New SQL 2012 R2 SP2 Cluster - Slow Performance - Bad Query Plan - High CPU

  • We built a SQL 2012 Enterprise R2 SP2 cluster under Windows Server 2012. The cluster consists of 2 blades, each having 2 procs with 12 cores per proc, and 256GB of memory. I ran a basic query and noticed it took anywhere from 29 to 32 seconds to complete. I failed over to the secondary node and saw the same results. Nothing else is running on the server. I then realized the per CAL exe we used limits the processors to 20 so I ran msconfig and set the procs to 20. Microsoft noticed a different query plan being used on the cluster as compared to a stand alone 2012 build that has 12 processors. And I noticed SQL Server was using individual processors much more than I would expect, with one proc spiking to 100% for a few seconds, then dropping to zero while another proc jumped to 100% for a few more seconds. I do not see this same behavior on the stand alone SQL 2012 server, or on our SQL 2008 R2 servers. Microsoft is researching why a different plan was chosen, and I am about to escalate the case. Does anyone have any idea what may be happening?

    Select DISTINCT

    SP.SPID,

    LoginId = LEFT(SP.Loginame,50),

    HostName=LEFT(SP.HostName,20),

    DBName=DB_NAME(DB.database_id),

    SP.Program_Name,

    SP.Last_Batch

    From master.sys.sysprocesses SP

    Join master.sys.databases DB

    On SP.dbid = DB.database_id

    Left Join master.sys.dm_tran_locks L

    On SP.spid = L.request_session_id

    Where DB_NAME(L.resource_database_id) = 'DBA_HOME' <-- Introducing this line causes the query to go from under 1 second to 32 seconds.

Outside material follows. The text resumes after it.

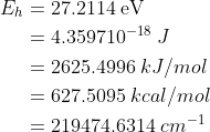 | hartree | 1 | 27.2114 | 219474.6314 | 2625.4996 | 627.5095 |

    The wait type is SOS_SCHEDULER_YIELD

    The difference in the query plans is the bad plan uses DISTINCT SORT, where the good plan uses a SORT earlier in the plan (not a DISTINCT SORT) and includes a Stream Aggregate

    Thanks

  • I somehow forced the sort to be earlier by doing this

    DECLARE @id INT = DB_ID('MyDB')

    SELECT DISTINCT

    SP.spid, LoginId = LEFT(SP.loginame, 50), HostName = LEFT(SP.hostname, 20), DBName = DB_NAME(DB.database_id),

    SP.program_name, SP.last_batch

    FROM sys.sysprocesses SP

    INNER JOIN sys.databases DB ON SP.dbid = DB.database_id

    INNER JOIN ( SELECT TOP 100000000000

    request_session_id

    FROM sys.dm_tran_locks L

    WHERE L.resource_database_id = @id ) window ON SP.spid = window.request_session_id

    So if you need to guarantee that it runs this way only, then try it out on both servers and see what happens.

    Catch-all queries done right [/url]
    Gail Shaw's Performance Blog[/url]

  • Try this

    Where L.resource_database_id = DB_ID('DBA_HOME')

    -----------------------------------------------------------------------------------------------------------

    "Ya can't make an omelette without breaking just a few eggs" 😉

  • I'm not concerned with getting the query to run faster, but rather why it runs in under 1 second on non-clustered 2012 servers, and clustered 2008 R2 servers, but over 30 seconds on the 2012 R2 SP2 cluster. Microsoft doesn't understand why a different query plan is being used for the same query. But I'm wondering if this has something to do with the number of procs and the binaries associated with the 2012 R2 CAL installation. There used to be an issue in SQL 2005 with 24 proc servers, where you had to set the number of procs to 1 in order to install SQL Server, and then set it back to 24 after the service pack installs were finished. So I'm wondering if the CAL binaries have an issue with 12 core servers, or 24 total CPUs. Or perhaps I need to review the bootstrap log file to see if an unreported error occurred during the installation.

    Thanks

  • Have a look at these two articles, particularly the latter:

    http://sqlblog.com/blogs/aaron_bertrand/archive/2012/04/27/a-cautionary-tale-about-grandfathering-CAL-licenses-in-SQL-Server-2012-Enterprise.aspx

    http://sqlperformance.com/2012/11/system-configuration/2012-cal-problems

    In your case, the imbalance from doing round-robin between a socket using 12 cores and a socket that only has 8 is probably at least making the problem worse.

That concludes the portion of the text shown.